被告は原告に対し金三七七、二九四円およびこれに対する昭和三九年八月一六日以降支払ずみまで年五分の割合による金員を支払え。

原告のその余の請求を棄却する。

訴訟費用はこれを三分し、その一を原告、その余を被告の負担とする。

この判決は第一項にかぎり仮に執行することができる。

事実

原告訴訟代理人は「被告は原告に対し金六二八、〇七〇円およびこれに対する昭和三九年八月一六日以降支払ずみまで年五分の割合による金員を支払え。訴訟費用は被告の負担とする。」との判決ならびに仮執行の宣言を求め、請求の原因として次のとおり述べた。

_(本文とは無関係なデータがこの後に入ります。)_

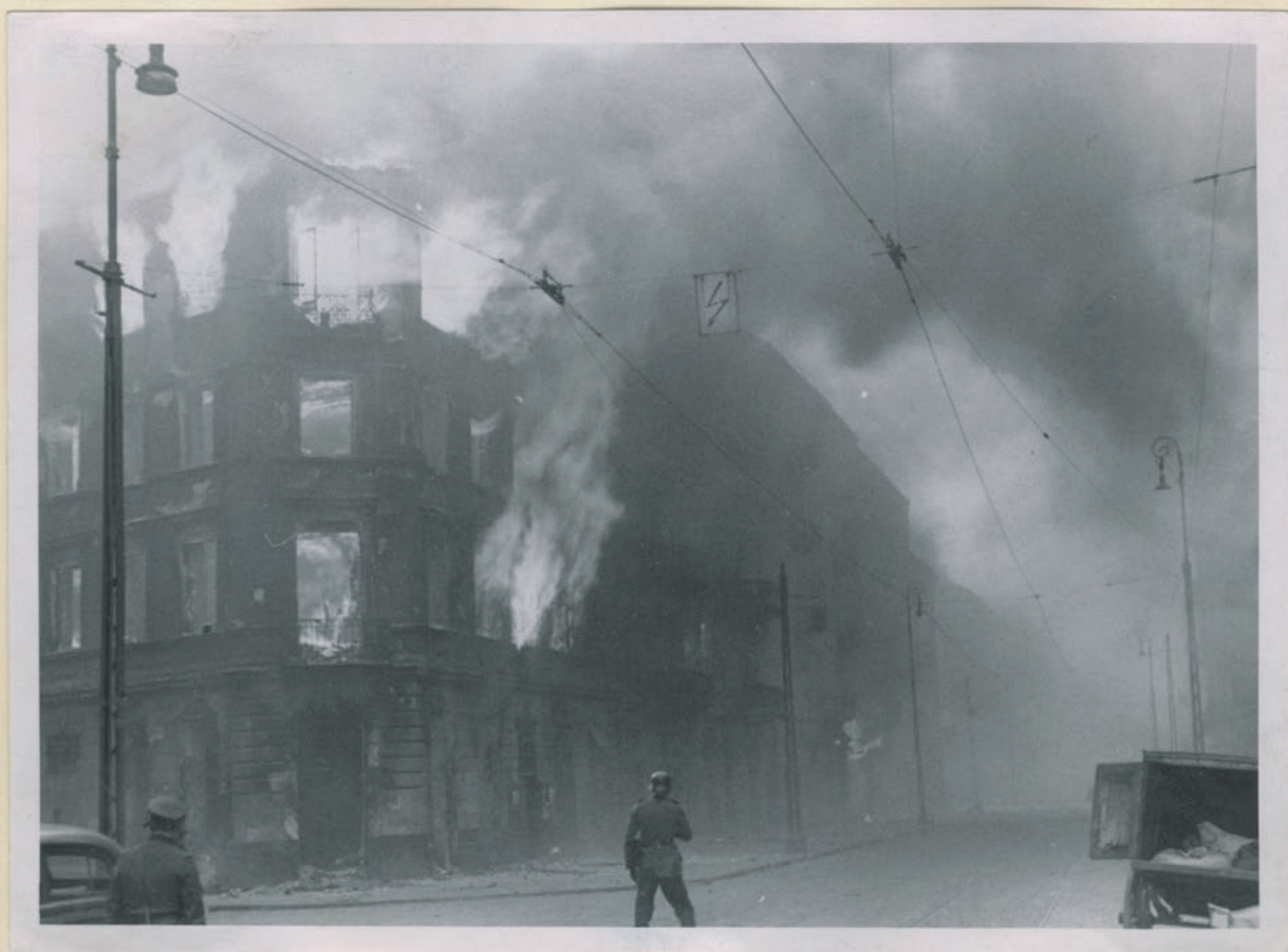
~ Дрезденский вид Гёриплац 26. ~

Archiwum Głównej Komisji Badania Zbrodni Niem. w Polsce Dok. N. 21/2022-Inv 4574

「一、昭和三九年六月一八日午前五時四五分頃、埼玉県鴻巣市字箕田四一三番地先道路上において、被告の従業員湯沢英樹が運転し被告の業務に従事中の被告所有日野貨物自動車(埼一せ-三二九九、以下「被告車」という。)と、原告の運転する原告所有のいすず貨物自動車(長一せ-五二六五、以下「原告車」という。)とが衝突した。

二、右湯沢は、道路の中央から左の部分を通行すべき自動車運転者としての業務上の注意義務(道路交通法一七条三項)を怠り、被告車の車体の右側一米位を道路の右側にはみ出したまま進行し、しかもおりから反対方向を進行中の原告が被告車を発見し、衝突の危険を予測して減速し、さらに道路の左側に約三〇糎の間隔をおいて停車したにもかかわらず、いぜん道路の左側に戻ることもせず、時速約三〇粁のまま漫然と進行した過失により、前記事故を生ぜしめたものである。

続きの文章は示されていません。